Copy every line of the data exactly, keeping out any picture.
BEGIN DATA
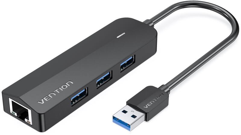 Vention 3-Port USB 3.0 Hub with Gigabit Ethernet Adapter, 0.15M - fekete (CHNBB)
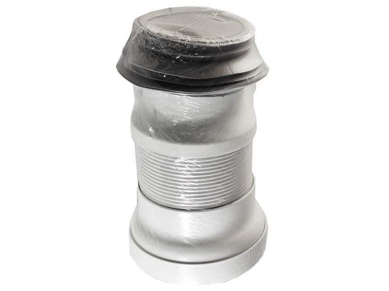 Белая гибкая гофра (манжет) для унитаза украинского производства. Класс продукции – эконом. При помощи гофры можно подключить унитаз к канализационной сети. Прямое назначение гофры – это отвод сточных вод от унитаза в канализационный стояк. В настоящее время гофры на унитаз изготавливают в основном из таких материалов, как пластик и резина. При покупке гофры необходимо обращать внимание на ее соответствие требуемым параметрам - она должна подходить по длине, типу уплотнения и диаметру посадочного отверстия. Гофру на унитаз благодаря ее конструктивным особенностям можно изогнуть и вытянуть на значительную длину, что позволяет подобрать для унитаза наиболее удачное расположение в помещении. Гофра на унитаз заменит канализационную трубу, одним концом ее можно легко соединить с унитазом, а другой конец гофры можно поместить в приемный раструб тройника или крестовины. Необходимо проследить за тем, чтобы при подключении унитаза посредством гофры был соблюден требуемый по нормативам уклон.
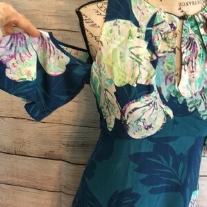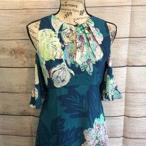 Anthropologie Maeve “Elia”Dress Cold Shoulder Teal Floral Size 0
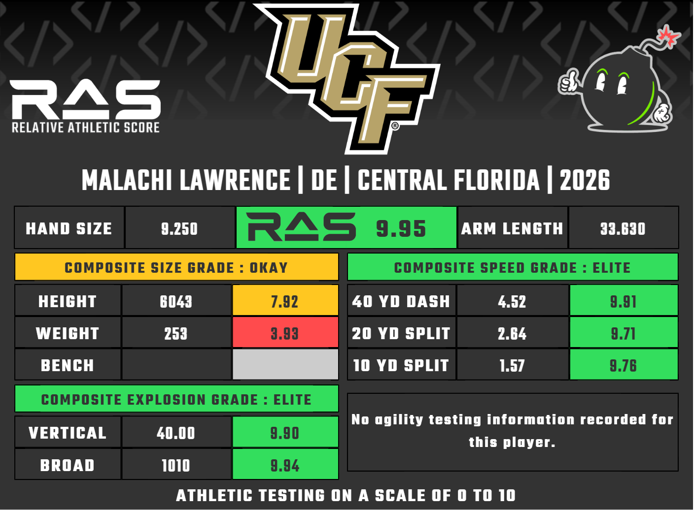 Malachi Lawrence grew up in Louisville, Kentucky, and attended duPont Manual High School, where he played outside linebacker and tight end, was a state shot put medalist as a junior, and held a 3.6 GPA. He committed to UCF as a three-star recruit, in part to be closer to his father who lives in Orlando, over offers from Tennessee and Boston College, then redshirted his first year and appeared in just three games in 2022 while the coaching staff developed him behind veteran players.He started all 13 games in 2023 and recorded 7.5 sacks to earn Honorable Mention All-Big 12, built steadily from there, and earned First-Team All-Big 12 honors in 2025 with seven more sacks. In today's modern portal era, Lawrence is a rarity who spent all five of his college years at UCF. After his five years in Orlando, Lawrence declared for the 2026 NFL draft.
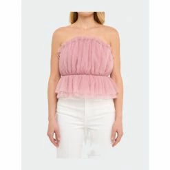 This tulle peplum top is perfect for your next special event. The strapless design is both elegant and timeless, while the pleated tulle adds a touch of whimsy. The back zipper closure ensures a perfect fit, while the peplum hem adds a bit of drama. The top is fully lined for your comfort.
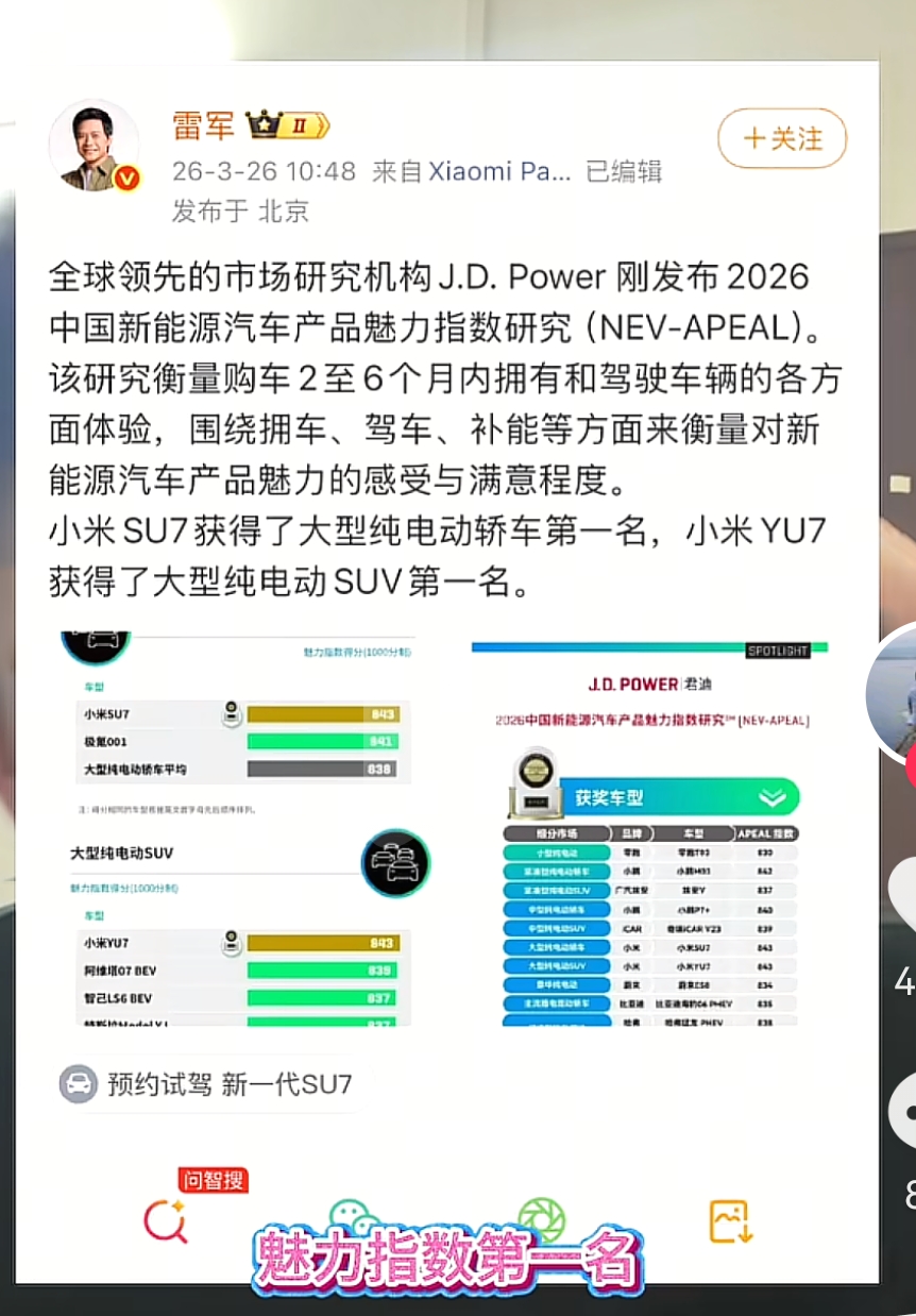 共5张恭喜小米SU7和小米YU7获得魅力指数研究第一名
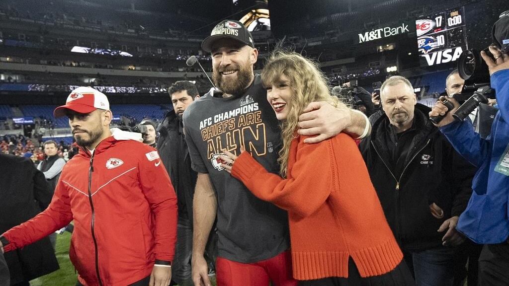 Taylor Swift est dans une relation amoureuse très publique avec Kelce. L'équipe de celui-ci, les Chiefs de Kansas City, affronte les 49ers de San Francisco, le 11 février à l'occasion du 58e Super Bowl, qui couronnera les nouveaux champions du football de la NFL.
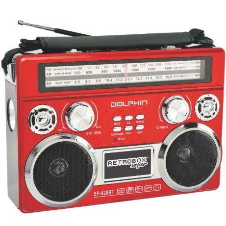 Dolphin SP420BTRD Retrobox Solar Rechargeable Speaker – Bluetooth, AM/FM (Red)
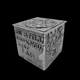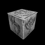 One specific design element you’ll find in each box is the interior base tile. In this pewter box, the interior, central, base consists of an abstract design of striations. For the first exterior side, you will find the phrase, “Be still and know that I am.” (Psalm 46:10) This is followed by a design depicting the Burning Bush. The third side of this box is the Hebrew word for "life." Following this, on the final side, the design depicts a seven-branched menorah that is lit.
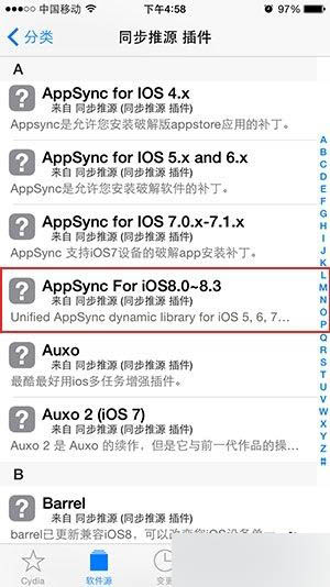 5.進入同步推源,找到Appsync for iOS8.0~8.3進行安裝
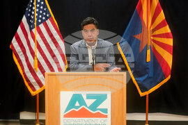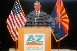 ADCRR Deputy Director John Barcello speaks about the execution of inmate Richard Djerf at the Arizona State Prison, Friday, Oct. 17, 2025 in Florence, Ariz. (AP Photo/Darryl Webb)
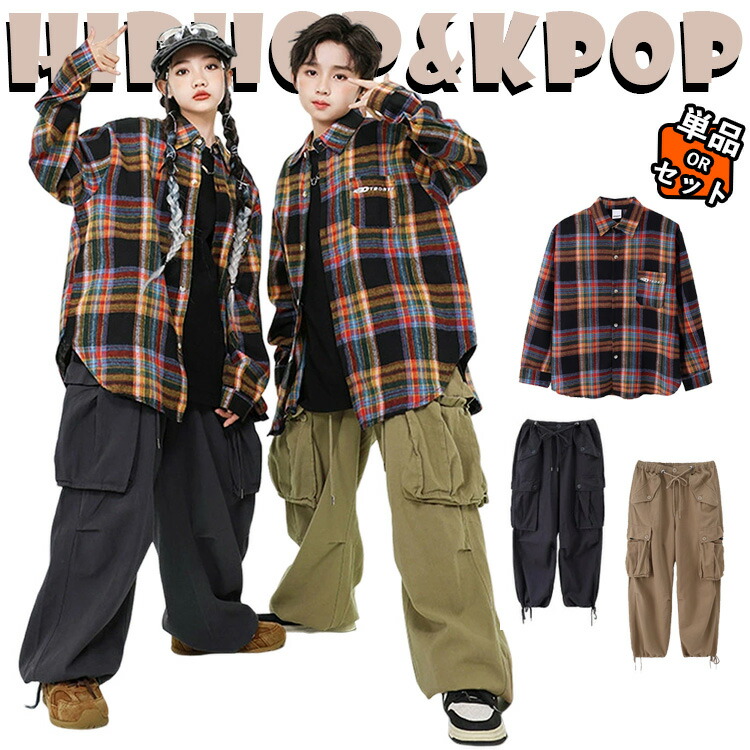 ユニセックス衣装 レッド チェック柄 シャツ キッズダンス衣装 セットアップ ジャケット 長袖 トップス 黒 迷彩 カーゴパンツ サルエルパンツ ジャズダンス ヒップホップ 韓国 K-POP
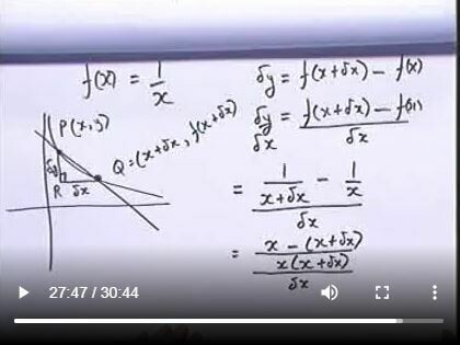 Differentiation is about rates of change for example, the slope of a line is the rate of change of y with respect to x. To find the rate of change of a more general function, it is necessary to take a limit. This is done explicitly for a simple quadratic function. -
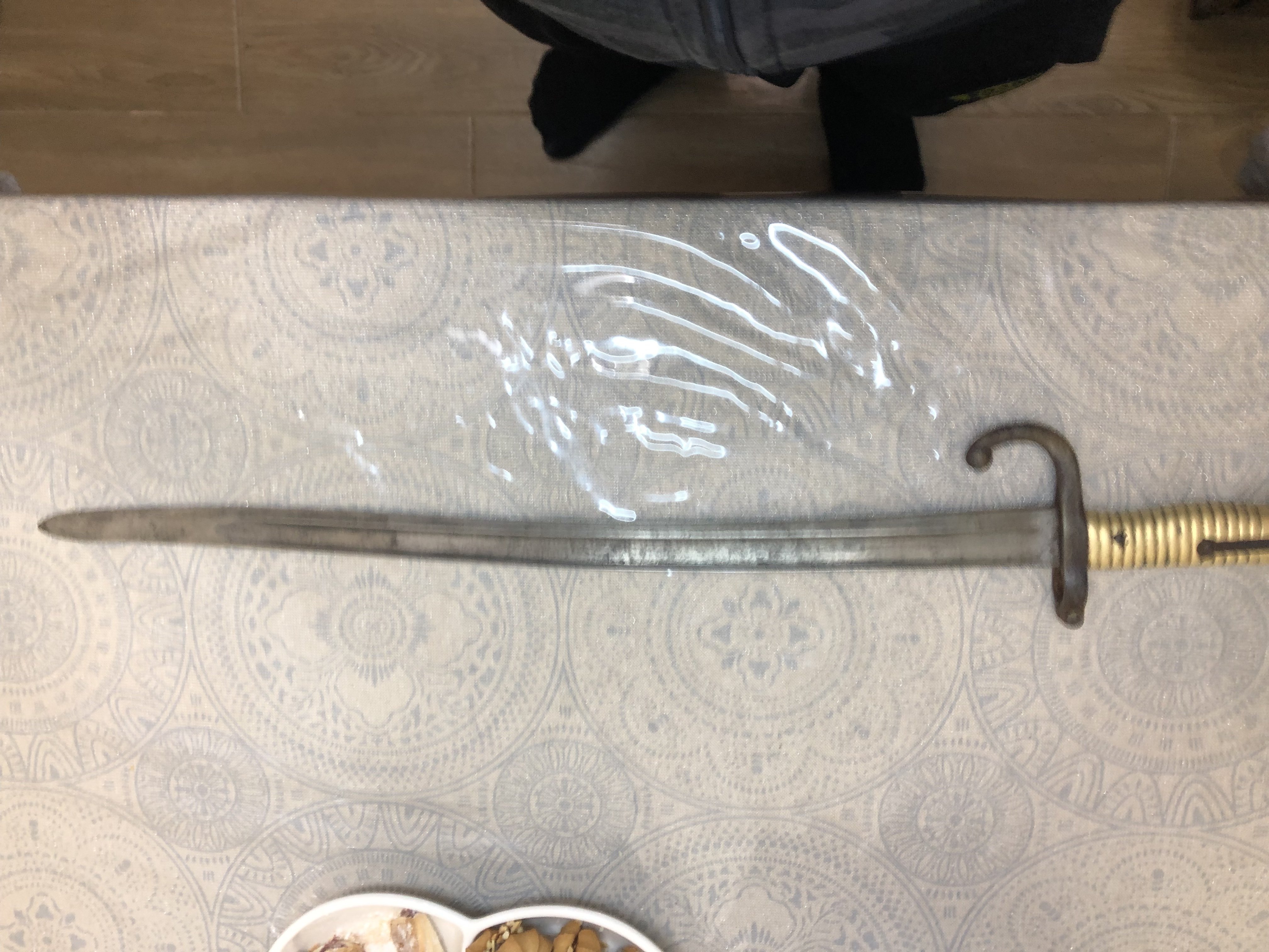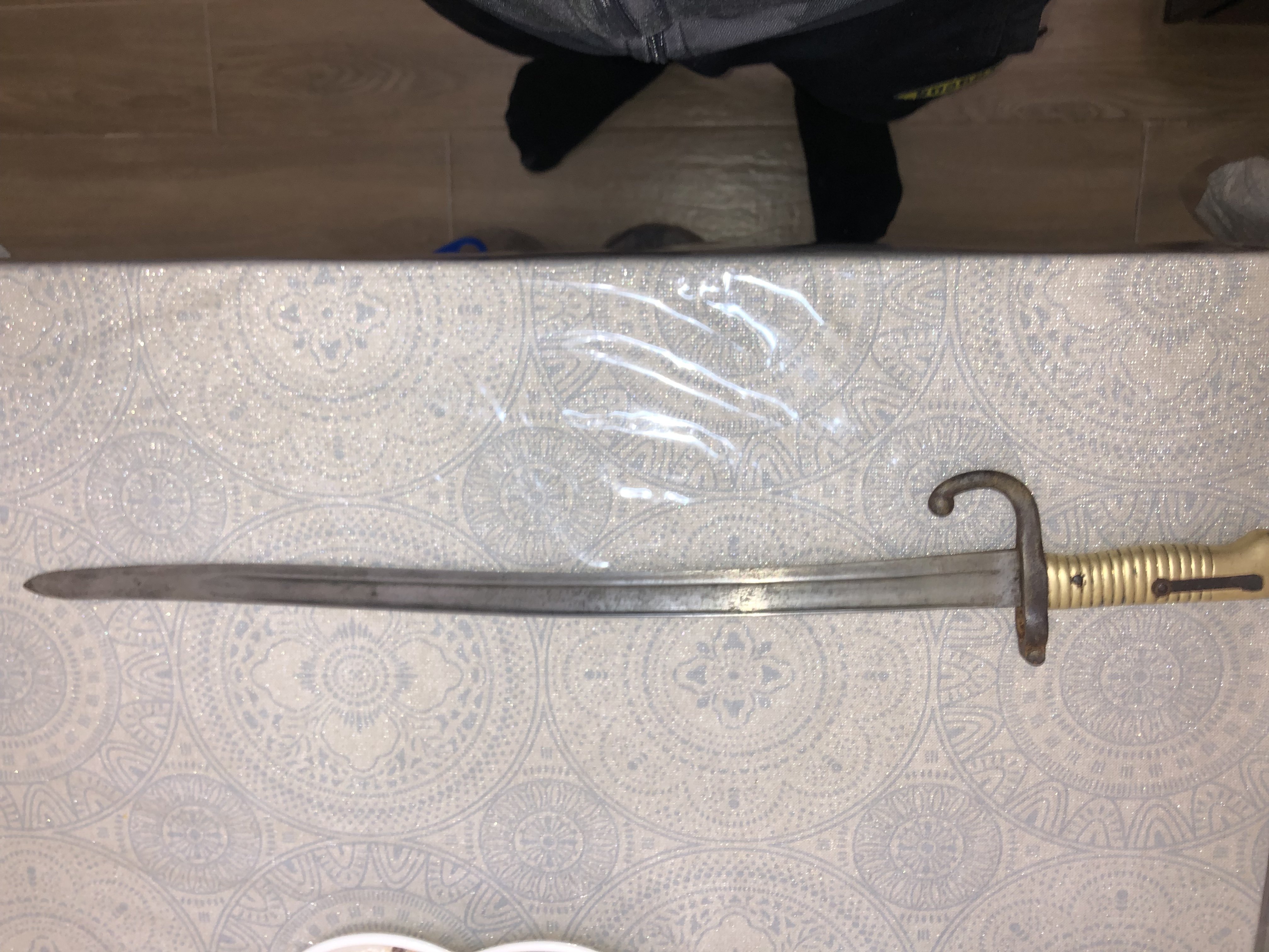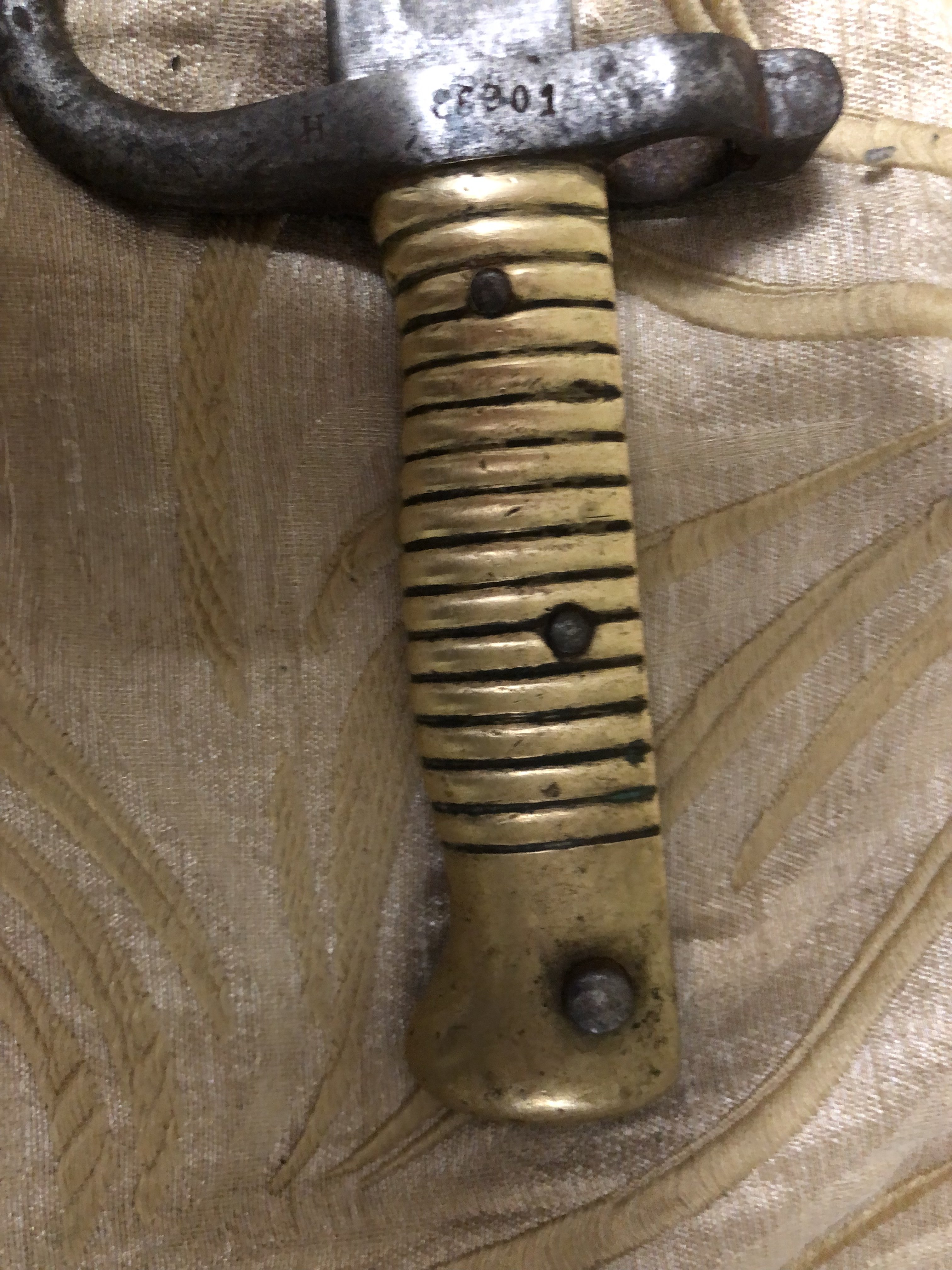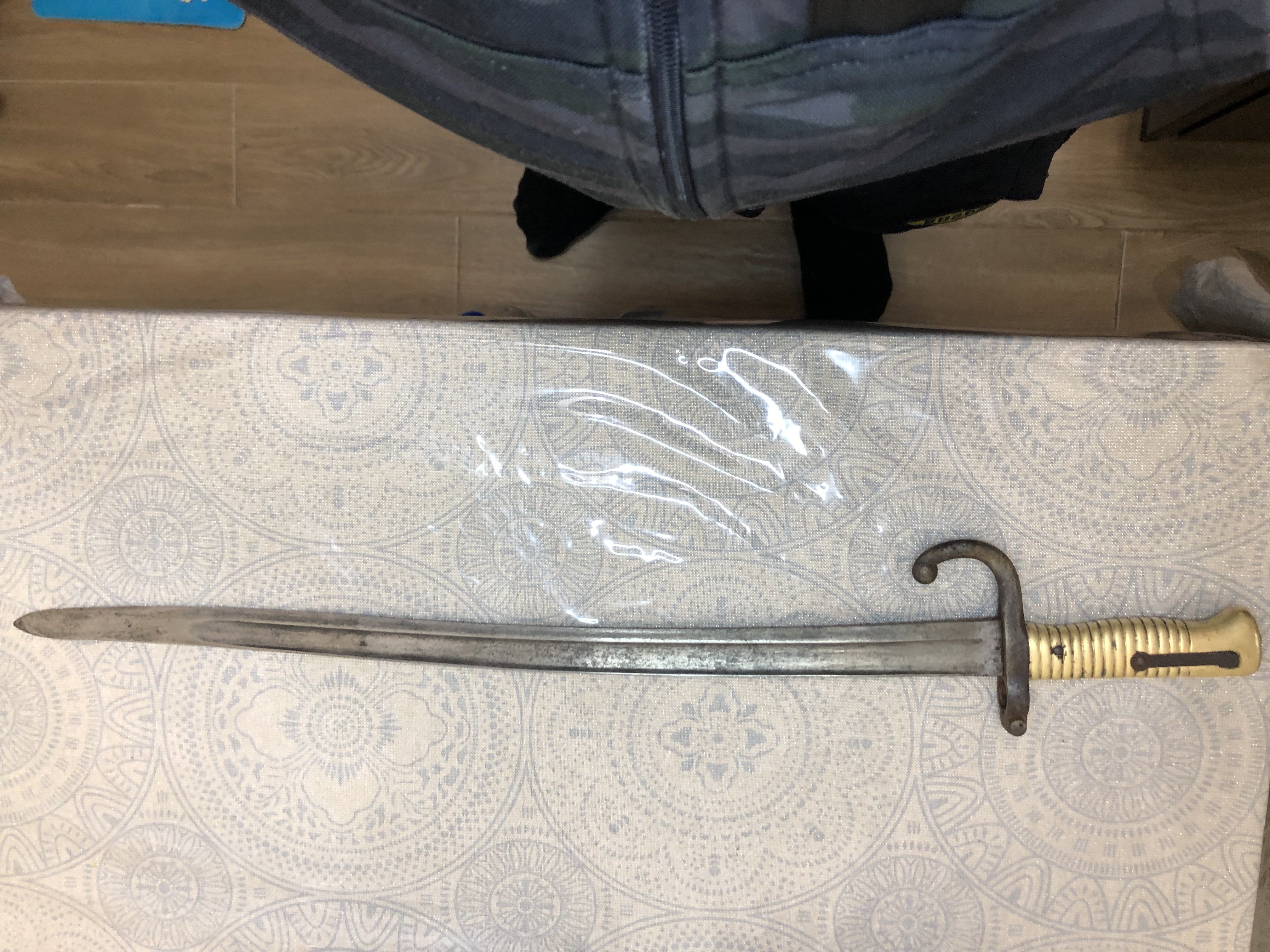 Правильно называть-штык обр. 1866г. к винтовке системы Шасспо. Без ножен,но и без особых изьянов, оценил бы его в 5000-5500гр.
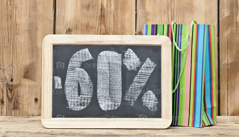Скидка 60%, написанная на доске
END DATA
OUTPUT BELOW
 Vention 3-Port USB 3.0 Hub with Gigabit Ethernet Adapter, 0.15M - fekete (CHNBB)
 Белая гибкая гофра (манжет) для унитаза украинского производства. Класс продукции – эконом. При помощи гофры можно подключить унитаз к канализационной сети. Прямое назначение гофры – это отвод сточных вод от унитаза в канализационный стояк. В настоящее время гофры на унитаз изготавливают в основном из таких материалов, как пластик и резина. При покупке гофры необходимо обращать внимание на ее соответствие требуемым параметрам - она должна подходить по длине, типу уплотнения и диаметру посадочного отверстия. Гофру на унитаз благодаря ее конструктивным особенностям можно изогнуть и вытянуть на значительную длину, что позволяет подобрать для унитаза наиболее удачное расположение в помещении. Гофра на унитаз заменит канализационную трубу, одним концом ее можно легко соединить с унитазом, а другой конец гофры можно поместить в приемный раструб тройника или крестовины. Необходимо проследить за тем, чтобы при подключении унитаза посредством гофры был соблюден требуемый по нормативам уклон.
 Anthropologie Maeve “Elia”Dress Cold Shoulder Teal Floral Size 0
 Malachi Lawrence grew up in Louisville, Kentucky, and attended duPont Manual High School, where he played outside linebacker and tight end, was a state shot put medalist as a junior, and held a 3.6 GPA. He committed to UCF as a three-star recruit, in part to be closer to his father who lives in Orlando, over offers from Tennessee and Boston College, then redshirted his first year and appeared in just three games in 2022 while the coaching staff developed him behind veteran players.He started all 13 games in 2023 and recorded 7.5 sacks to earn Honorable Mention All-Big 12, built steadily from there, and earned First-Team All-Big 12 honors in 2025 with seven more sacks. In today's modern portal era, Lawrence is a rarity who spent all five of his college years at UCF. After his five years in Orlando, Lawrence declared for the 2026 NFL draft.
 This tulle peplum top is perfect for your next special event. The strapless design is both elegant and timeless, while the pleated tulle adds a touch of whimsy. The back zipper closure ensures a perfect fit, while the peplum hem adds a bit of drama. The top is fully lined for your comfort.
 共5张恭喜小米SU7和小米YU7获得魅力指数研究第一名
 Taylor Swift est dans une relation amoureuse très publique avec Kelce. L'équipe de celui-ci, les Chiefs de Kansas City, affronte les 49ers de San Francisco, le 11 février à l'occasion du 58e Super Bowl, qui couronnera les nouveaux champions du football de la NFL.
 Dolphin SP420BTRD Retrobox Solar Rechargeable Speaker – Bluetooth, AM/FM (Red)
 One specific design element you’ll find in each box is the interior base tile. In this pewter box, the interior, central, base consists of an abstract design of striations. For the first exterior side, you will find the phrase, “Be still and know that I am.” (Psalm 46:10) This is followed by a design depicting the Burning Bush. The third side of this box is the Hebrew word for "life." Following this, on the final side, the design depicts a seven-branched menorah that is lit.
 5.進入同步推源,找到Appsync for iOS8.0~8.3進行安裝
 ADCRR Deputy Director John Barcello speaks about the execution of inmate Richard Djerf at the Arizona State Prison, Friday, Oct. 17, 2025 in Florence, Ariz. (AP Photo/Darryl Webb)
 ユニセックス衣装 レッド チェック柄 シャツ キッズダンス衣装 セットアップ ジャケット 長袖 トップス 黒 迷彩 カーゴパンツ サルエルパンツ ジャズダンス ヒップホップ 韓国 K-POP
 Differentiation is about rates of change for example, the slope of a line is the rate of change of y with respect to x. To find the rate of change of a more general function, it is necessary to take a limit. This is done explicitly for a simple quadratic function. -
 Правильно называть-штык обр. 1866г. к винтовке системы Шасспо. Без ножен,но и без особых изьянов, оценил бы его в 5000-5500гр.
Скидка 60%, написанная на доске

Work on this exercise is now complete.